:: EXERCISE AIM ::
The reply should contain the full listing exactly as written and no pictures at all.

:: THE DATA ::
◆ ◆ ◆ ◆
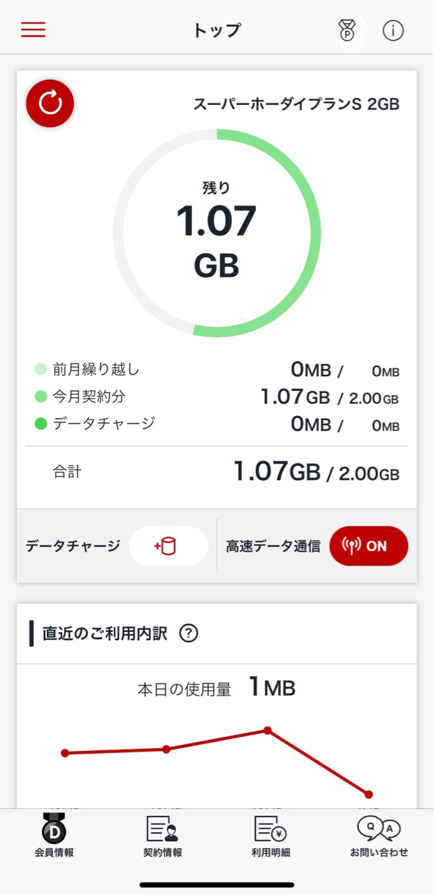 ↓ 新しい楽天アンリミットのデータ残!
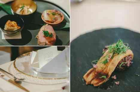 “自分たちもゲストも、みんな礼儀を気にするのではなく 肩の力を抜いてアットホームに過ごせる披露宴にしたい” “お箸で食べることができて京都らしさも感じてほしい” とおふたりが選ばれたお料理は、会場に併設されているキッチンから 熱々の状態でゲスト皆様のもとへ運ばれます。 メインテーブルでは次々とたくさんのゲストがおふたりを囲み 会話やお写真の時間を楽しまれました。
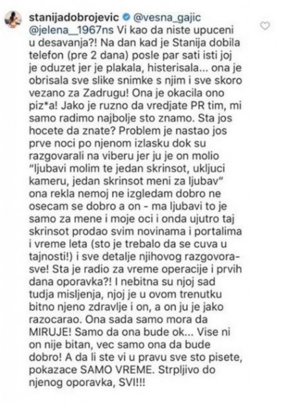 - Na dan kada je Stanija dobila telefon (pre dva dana) posle par sati isti joj je oduzet jer je plakala, histerisala... Ona je obrisala sve slike, snimke s njim i sve skoro vezano za Zadrugu! Ona je okačila ono pi**a! Jako je ružno da vređate PR tim, mi samo radimo najbolje što znamo. Šta još hoćete da znate? Problem je nastao još prve noći po njenom izlasku dok su razgovarali na viberu jer ju je on molio "ljubavi molim te daj jedan skrinšot, uključi kameru, jedan skrinšot meni za ljubav", ona nije htela jer nije izgledala dobro i nije se dobro osećala, a on je nastavio "Ma ljubavi to je samo za mene i moje oči, a onda ujutru taj skrinšot prodao svim novinarima i portalima i vreme leta (što je trebalo da se čuva u tajnosti) i sve detalje njihovog razgovora!
◆ ◆ ◆ ◆
:: YOUR SOLUTION ::
 ↓ 新しい楽天アンリミットのデータ残!
 “自分たちもゲストも、みんな礼儀を気にするのではなく 肩の力を抜いてアットホームに過ごせる披露宴にしたい” “お箸で食べることができて京都らしさも感じてほしい” とおふたりが選ばれたお料理は、会場に併設されているキッチンから 熱々の状態でゲスト皆様のもとへ運ばれます。 メインテーブルでは次々とたくさんのゲストがおふたりを囲み 会話やお写真の時間を楽しまれました。
 - Na dan kada je Stanija dobila telefon (pre dva dana) posle par sati isti joj je oduzet jer je plakala, histerisala... Ona je obrisala sve slike, snimke s njim i sve skoro vezano za Zadrugu! Ona je okačila ono pi**a! Jako je ružno da vređate PR tim, mi samo radimo najbolje što znamo. Šta još hoćete da znate? Problem je nastao još prve noći po njenom izlasku dok su razgovarali na viberu jer ju je on molio "ljubavi molim te daj jedan skrinšot, uključi kameru, jedan skrinšot meni za ljubav", ona nije htela jer nije izgledala dobro i nije se dobro osećala, a on je nastavio "Ma ljubavi to je samo za mene i moje oči, a onda ujutru taj skrinšot prodao svim novinarima i portalima i vreme leta (što je trebalo da se čuva u tajnosti) i sve detalje njihovog razgovora!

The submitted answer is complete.